Dwarfing those signings and many others in baseball in recent months has been the Sox picking up Cuban defect Jose Dariel Abreu, who on commanded a six-year, $68 million dollar contract through simply strolling through the free agency market. Abreu should provide some serious power to a team that was nearly devoid of it in their 2013 campaign, ranking 19th in the MLB in home runs (148) while playing half their games in what was ranked the seventh most home run friendly park in 2013 (1.185 per game).

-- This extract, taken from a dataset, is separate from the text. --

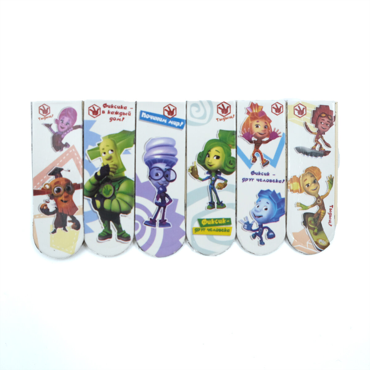 Магнитные закладки 'Фиксики' изготовлены из пластика с магнитной полосой. Магнитными закладками очень удобно пользоваться – они не потеряются и не выпадут, не испортят и не помнут листы книг или тетрадей. Такие закладки позволят приучить школьника к порядку, бережному обращению с книгами и учебниками. Яркий дизайн с персонажами мультфильма поможет создать праздничное настроение в любом месте: в офисе, на уроке в школе, на университетской лекции.Упакованы в пакет с европодвесом.В комплекте 6 закладок с разными рисунками.

On the 20 thru 80 grade scales that scouts use to evaluate prospect talent, Abreu measures a 70 in the raw power category. A 70 in that category projects to roughly 25-30 home runs annually in the major leagues, which, among other things, has caused scouts and execs to draw comparisons of Abreu to fellow Cuban defector, Athletics’ outfielder Yoenis Cespedes.
Although his defensive skills leave a bit to be desired, some scouts say Abreu may surprise people with “solid” play at first base. And according to Sox beat reporters keeping a close eye on him in Arizona this spring, his defensive play has been a bit surprising — in a positive way.
In my opinion, with Eaton, Hahn did a great job addressing top-of-the-order speed, a left handed bat and long-term starting outfield help. While his arm strength is average, his speed and range in center-field should provide some help for an outfield that ranked 20th in assists (1,555) and an overall defense that ranked 29th in fielding percentage (.980).
Eaton has played in the Majors with a bit of a chip on his shoulder after his bad experience in the entry draft, being selected in the 19th round when many expected him to be drafted in the fourth or fifth rounds — his experience in Arizona didn’t help matter. Shortly after being considered “the future” in center field for the Diamondbacks after they let go of Chris Young, Eaton had to deal with being let go, he may now have an even bigger chip on his shoulder as the Arizona brass did so early with him and a cheap price via trade.
Aside from looking at minor league numbers and a small sample size of statistics from his major league appearances, it’s hard to gather any info that would help predict his success in the 2014 campaign. If nothing else, he should provide some offensive lift from the leadoff or two-slot in the lineup.
Speaking of offensive lift, third base has been a position that typically provides middle-of-the-order power and protection in good lineups, yet no Sox third basemen in 2013 ranked in the top 25 in batting average, on-base percentage, slugging or OPS.
It’s safe to say the Jeff Keppinger-and-committee experiment didn’t work, but with prospect Matt Davidson not quite ready for MLB play, it looks as though manager Robin Ventura will hand the reigns at third over to Conor Gillaspie for the time being.
Gillaspie has a slash line of .245/.305/.390 (batting average, on-base percentage, slugging percentage) in 2013, which isn’t terrible, but still leaves much to be desired at the hot corner. Hopefully Gillaspie can improve upon those numbers this year, as his marks as a minor leaguer were somewhat promising. In 2012 at AAA, Gillaspie posted a .281/.345/.441 slash line and had 14 home runs in 108 games.
While Gillaspie holds down the hot corner this season, former 2009 first round draft pick (Diamondbacks) Davidson should have a chance to refine his game both offensively and defensively with the Charlotte Knights. The White Sox could certainly use his bat this year, but there’s no sense in rushing a prospect with Davidson’s tool set to the majors before he’s fully ready.
It’s hard to tell just yet if the Sox have a chance of eclipsing the 77-win mark that Las Vegas sports books have set for them as an over/under win total for 2014, but one thing is certain: there’s only room to improve after last season’s long collapse and a 63-99 finish.